* [Task details]
From the listing below, pull each line that includes "with".

* [Records for processing]
################
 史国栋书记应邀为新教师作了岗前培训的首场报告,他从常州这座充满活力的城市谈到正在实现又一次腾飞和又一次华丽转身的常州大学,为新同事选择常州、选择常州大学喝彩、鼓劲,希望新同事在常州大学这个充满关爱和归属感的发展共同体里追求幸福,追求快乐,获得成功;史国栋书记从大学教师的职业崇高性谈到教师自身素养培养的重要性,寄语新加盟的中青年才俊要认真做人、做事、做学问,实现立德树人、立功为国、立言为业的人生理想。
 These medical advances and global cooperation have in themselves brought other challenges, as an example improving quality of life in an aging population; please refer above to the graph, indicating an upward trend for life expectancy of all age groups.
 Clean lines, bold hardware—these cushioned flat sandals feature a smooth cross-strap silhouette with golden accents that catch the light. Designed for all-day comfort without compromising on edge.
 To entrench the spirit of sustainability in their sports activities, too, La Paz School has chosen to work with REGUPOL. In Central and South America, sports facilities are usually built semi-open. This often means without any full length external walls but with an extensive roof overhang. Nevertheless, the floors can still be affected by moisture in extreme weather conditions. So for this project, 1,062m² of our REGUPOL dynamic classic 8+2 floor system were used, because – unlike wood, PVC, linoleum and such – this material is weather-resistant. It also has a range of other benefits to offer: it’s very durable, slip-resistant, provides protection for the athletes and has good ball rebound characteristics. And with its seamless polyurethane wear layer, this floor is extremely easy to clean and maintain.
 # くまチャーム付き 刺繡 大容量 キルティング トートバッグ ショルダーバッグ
################
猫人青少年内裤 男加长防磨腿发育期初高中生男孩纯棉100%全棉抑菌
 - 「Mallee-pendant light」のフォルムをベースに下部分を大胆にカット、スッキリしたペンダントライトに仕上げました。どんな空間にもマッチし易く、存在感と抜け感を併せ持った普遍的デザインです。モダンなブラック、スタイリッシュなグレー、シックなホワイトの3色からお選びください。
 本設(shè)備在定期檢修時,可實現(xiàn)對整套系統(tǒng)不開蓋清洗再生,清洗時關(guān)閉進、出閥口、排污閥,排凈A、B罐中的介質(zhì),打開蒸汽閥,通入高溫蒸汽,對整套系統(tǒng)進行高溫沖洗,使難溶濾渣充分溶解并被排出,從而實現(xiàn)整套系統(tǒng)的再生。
################
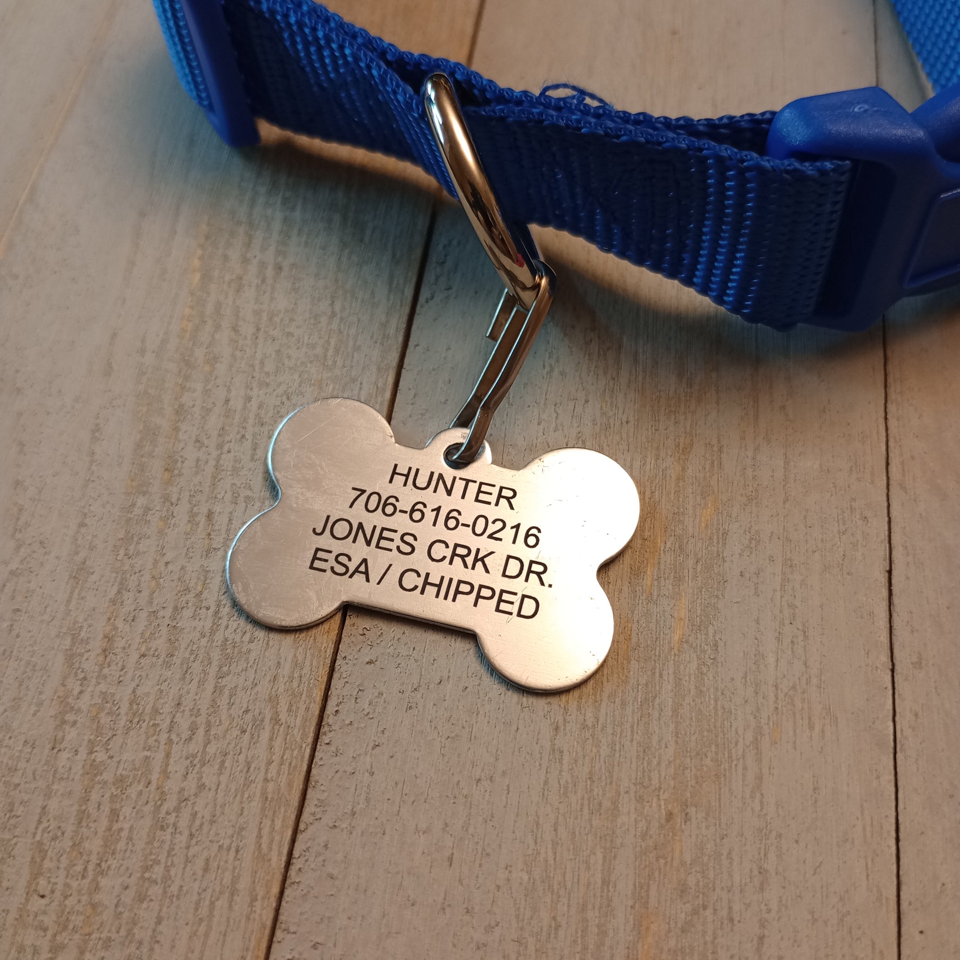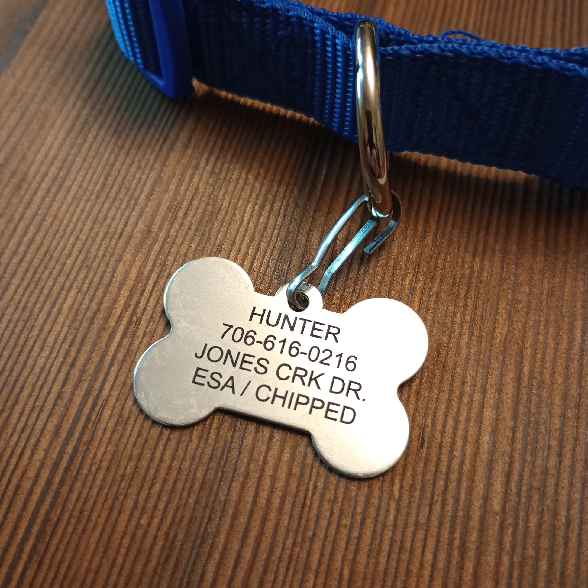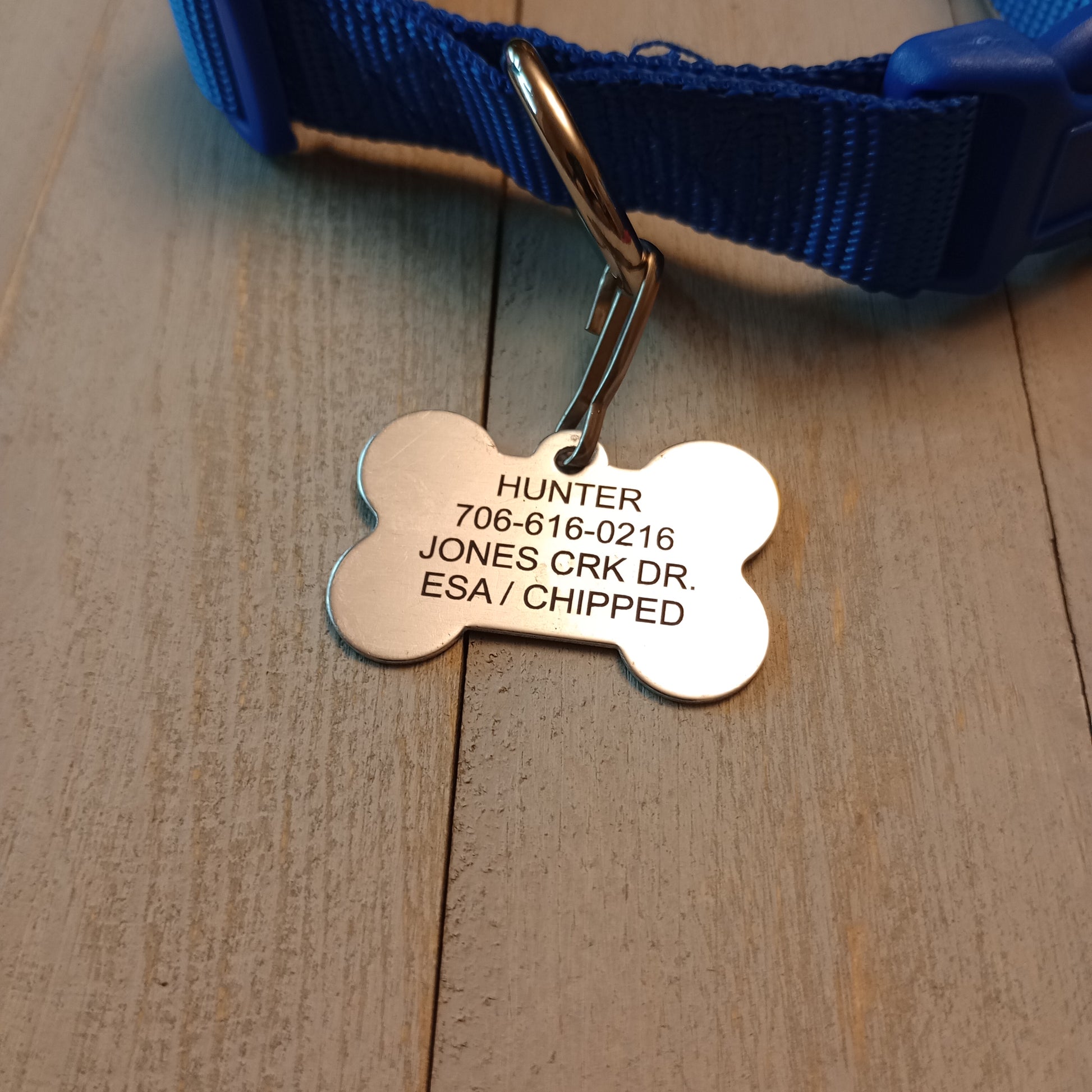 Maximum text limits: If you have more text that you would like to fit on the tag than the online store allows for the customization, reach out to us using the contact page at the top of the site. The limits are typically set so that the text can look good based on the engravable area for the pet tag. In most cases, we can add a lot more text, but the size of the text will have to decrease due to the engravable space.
################
* [Solved exercise]
 Clean lines, bold hardware—these cushioned flat sandals feature a smooth cross-strap silhouette with golden accents that catch the light. Designed for all-day comfort without compromising on edge.
 To entrench the spirit of sustainability in their sports activities, too, La Paz School has chosen to work with REGUPOL. In Central and South America, sports facilities are usually built semi-open. This often means without any full length external walls but with an extensive roof overhang. Nevertheless, the floors can still be affected by moisture in extreme weather conditions. So for this project, 1,062m² of our REGUPOL dynamic classic 8+2 floor system were used, because – unlike wood, PVC, linoleum and such – this material is weather-resistant. It also has a range of other benefits to offer: it’s very durable, slip-resistant, provides protection for the athletes and has good ball rebound characteristics. And with its seamless polyurethane wear layer, this floor is extremely easy to clean and maintain.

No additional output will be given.